A recent study conducted by Utica College, and funded by the U.S. Justice Department, found that about 92,000 of 570,000 registered sex offenders, or one in six, in the U.S. are assuming fake identities, changing their names, birth dates, and even Social Security numbers.
According to early data from the study, these people are using the same techniques used by identity thieves to avoid the requirements of the sex offender registry.
Utica College’s Center for Identity Management and Information Protection, which conducted the study, found that offenders with new identities were able to “apply for jobs, tap social benefits, hide their past from neighbors and possibly prey on more victims.”
Don Rebovich, the Utica criminal justice professor who headed the study, told reporters, “We have to dig deeper to find out why this is happening.” He said that the offenders “hide in plain sight” from the national sex offender registry and the authorities in charge of tracking them.
A case in point is that of Frank Kuni, a Tier 2 sex offender who successfully changed his name and was hired to work for the U.S. Census, going door to door in New Jersey.
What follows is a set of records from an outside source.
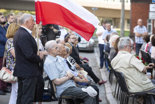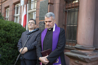Uroczystości pod dawną Victoriaschule. Hołd dla polskich ofiar z września 1939 roku. Gdańsk, ul. Kładki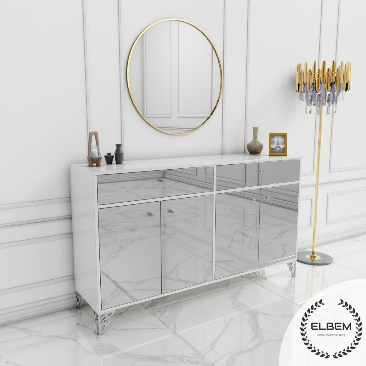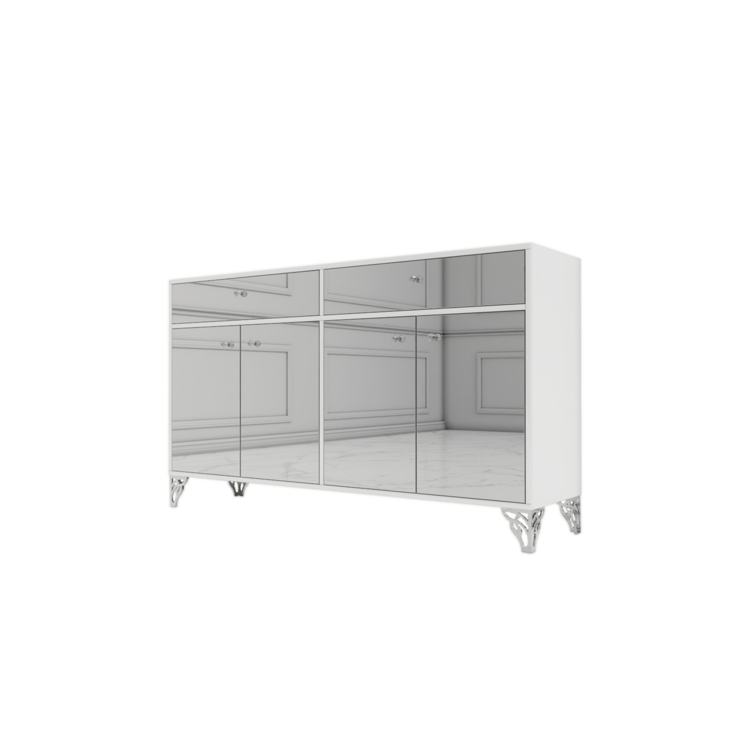 Elegancka komoda w białym połysku z wykonanymi lustrzanymi frontami złamie monotonię Twojego salonu, dodając mu wyjątkowego blasku i stylu. Wykonana z wysokiej jakości materiałów, gwarantuje trwałość i solidność na lata. Delikatne srebrne nóżki podkreślają elegancję mebla, nadając mu subtelnego uroku.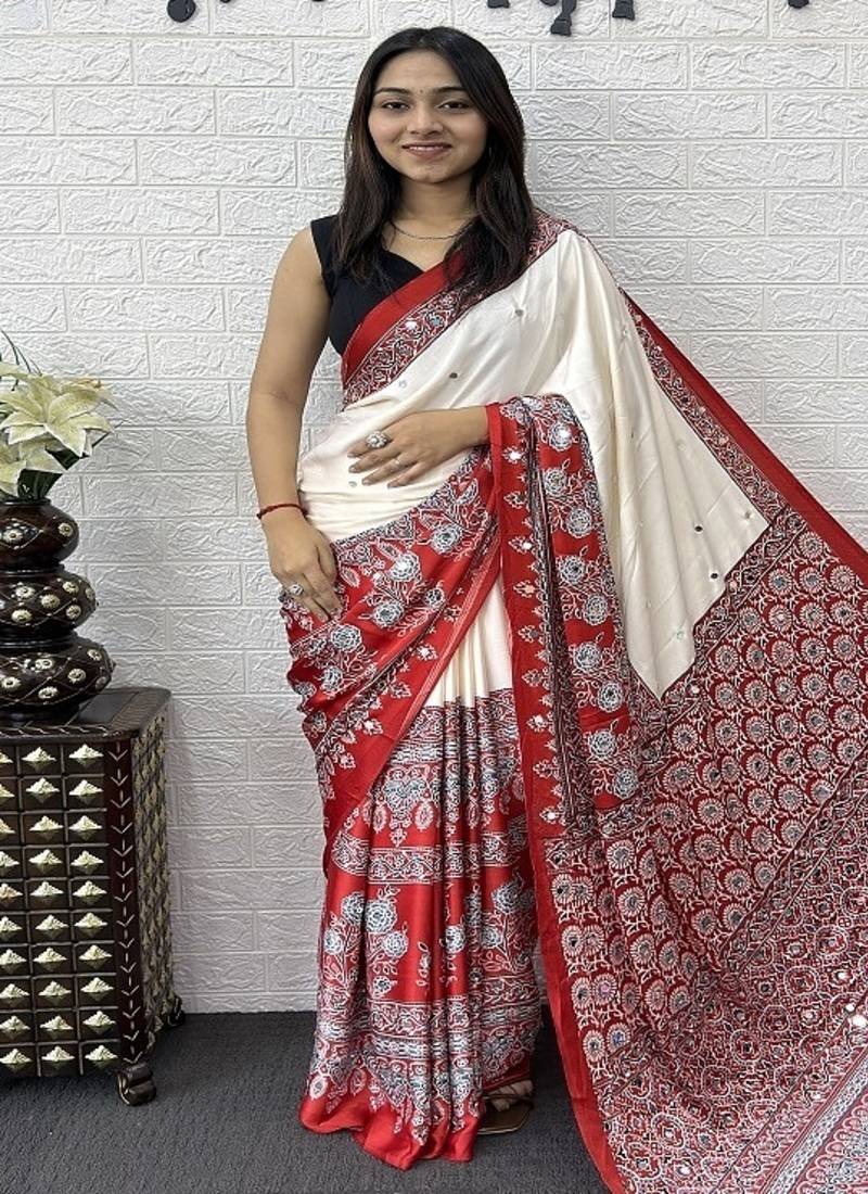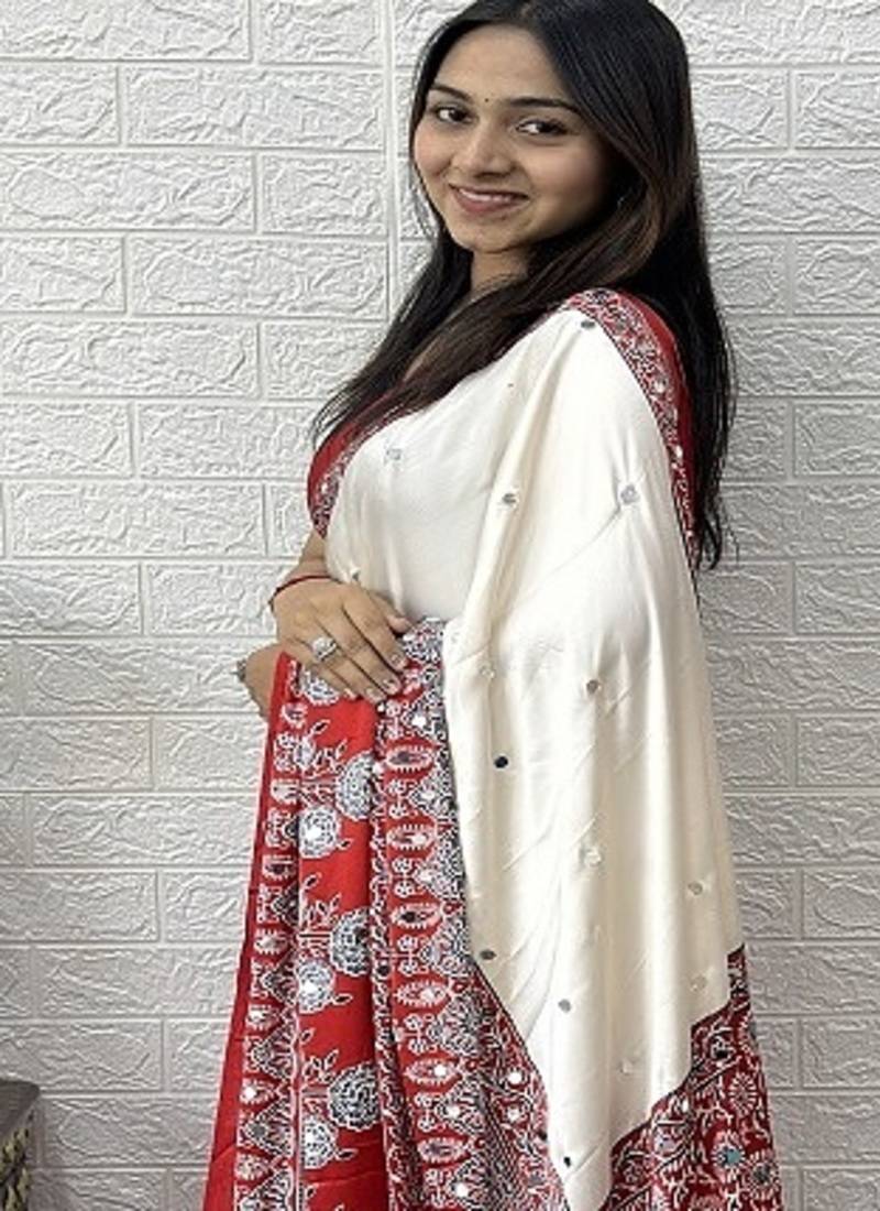 | Product Name | White Color Heavy Mirror Work Satin Silk Saree | |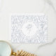 Elegante boda de patrón rosa floral azul polvoriento clásico francés gracias a las tarjetas con monograma novia y novio.
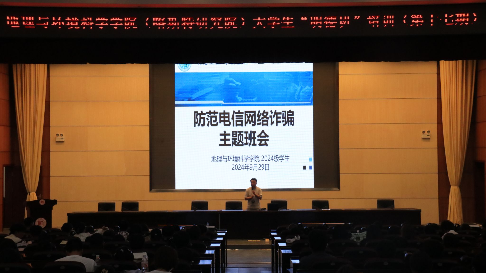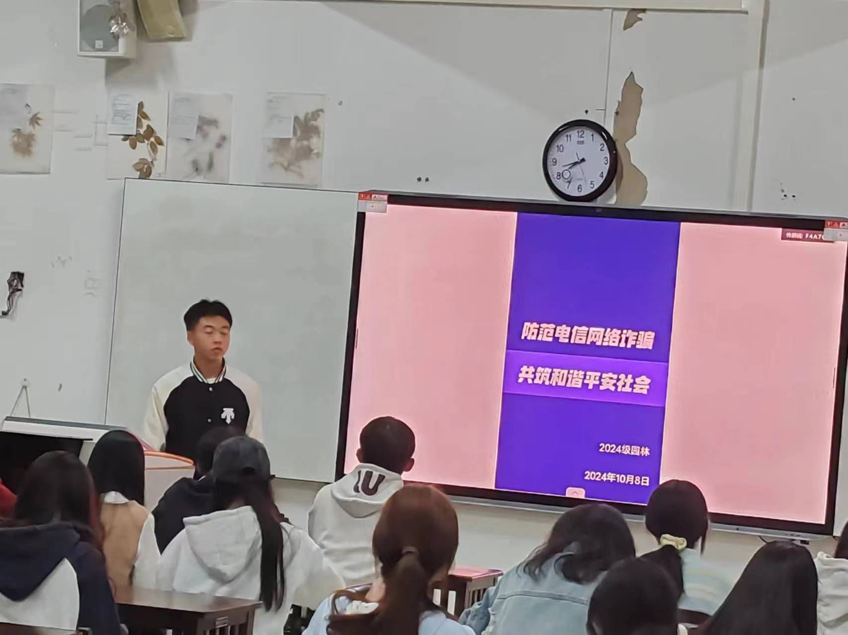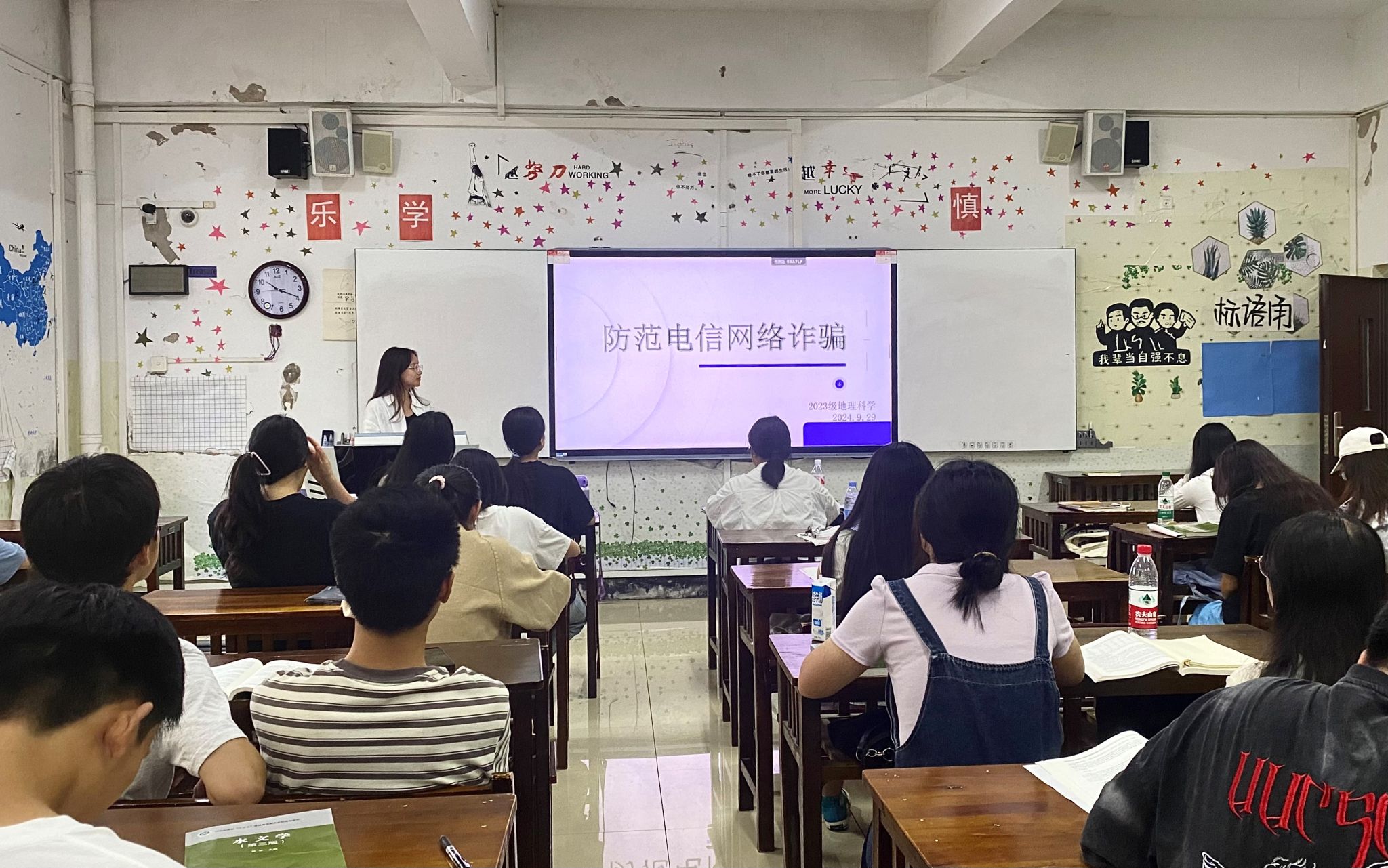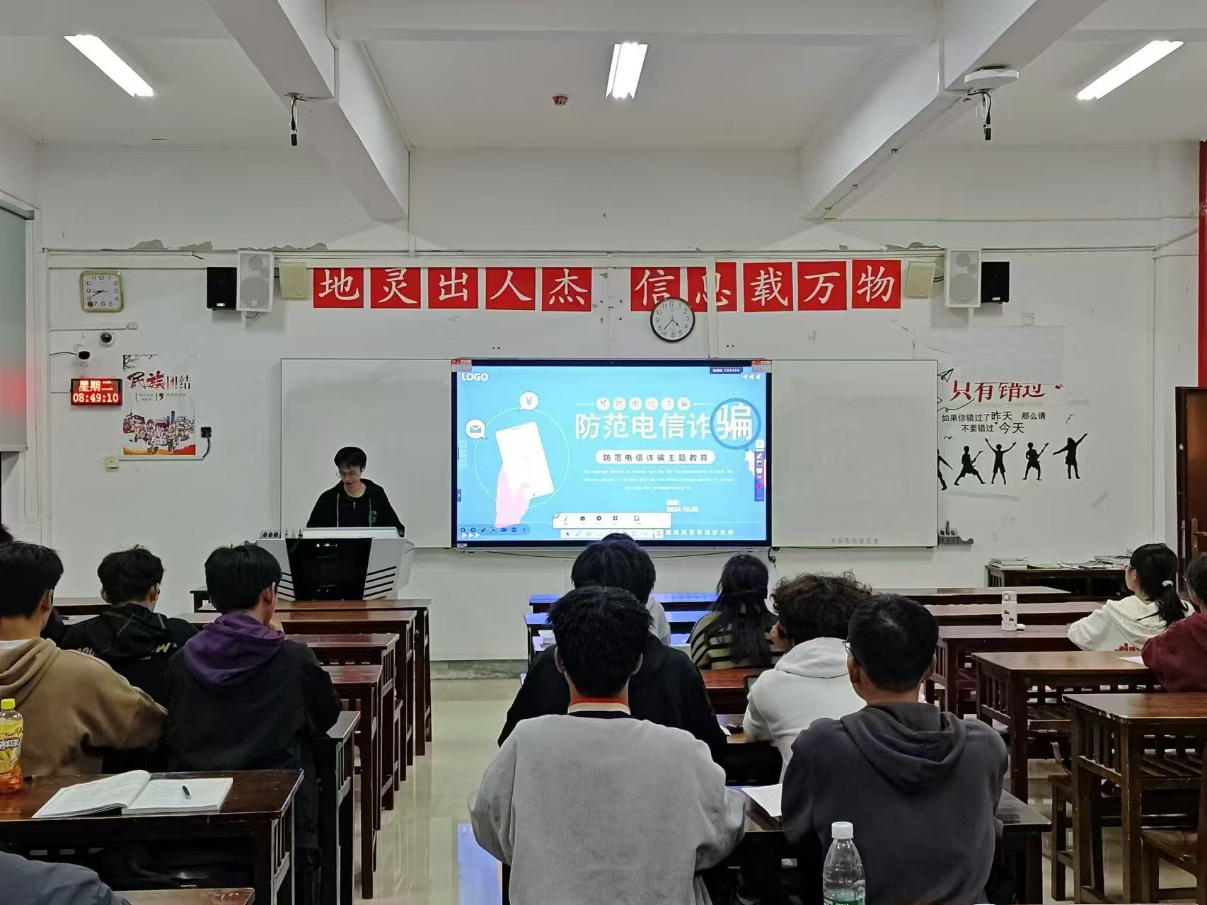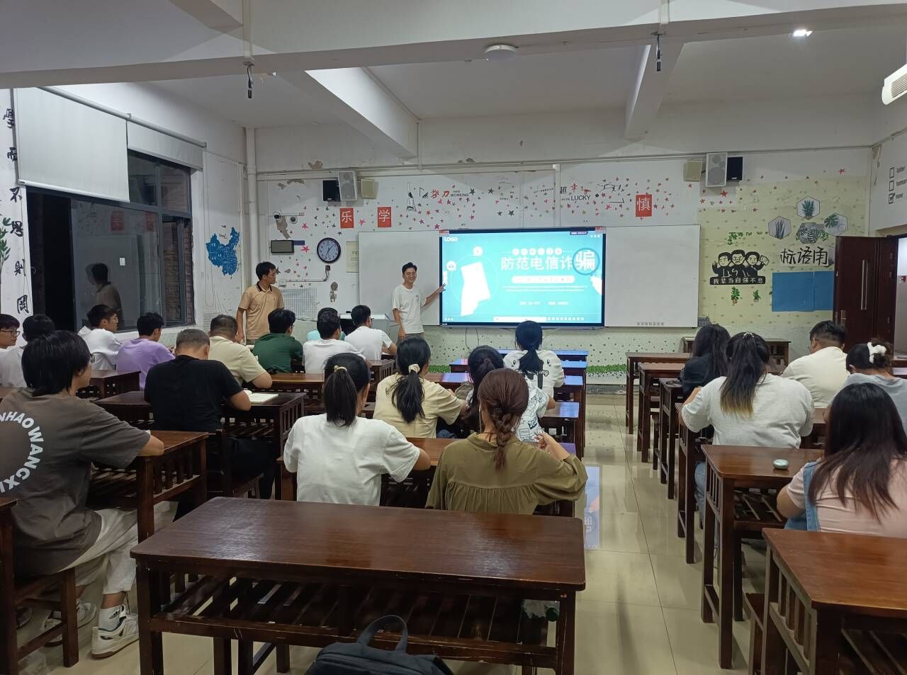 在各班辅导员组织下,各班通过主题班会向同学们阐释网络电信诈骗的定义,概述其手段与特点,并结合真实案例,向大家讲述电信网络诈骗的常见类型,揭示电信网络诈骗的巨大危害。引导同学们树立正确的消费观念,不轻信缴纳贷款保证金,不轻信“无担保无抵押贷款”等虚假贷款广告。希望同学们提高理性思维,将电信网络诈骗安全知识拓展到生活的方方面面,切实维护个人的财产安全。

One mother who answered the door recognized him from an online registry and blew the whistle, which landed him in jail for three years.
According to the researchers, the offenders still, by and large, check in with their parole officers. They simply use the altered identities for everything else they do. Rebovich said that in Louisiana, Nevada, and Tennessee, over 25 percent of registered sex offenders have altered their identities. The high is 64.5 percent in Louisiana; the low is 7.1 percent in Wisconsin.
The full study is due to be released in the fall of 2012.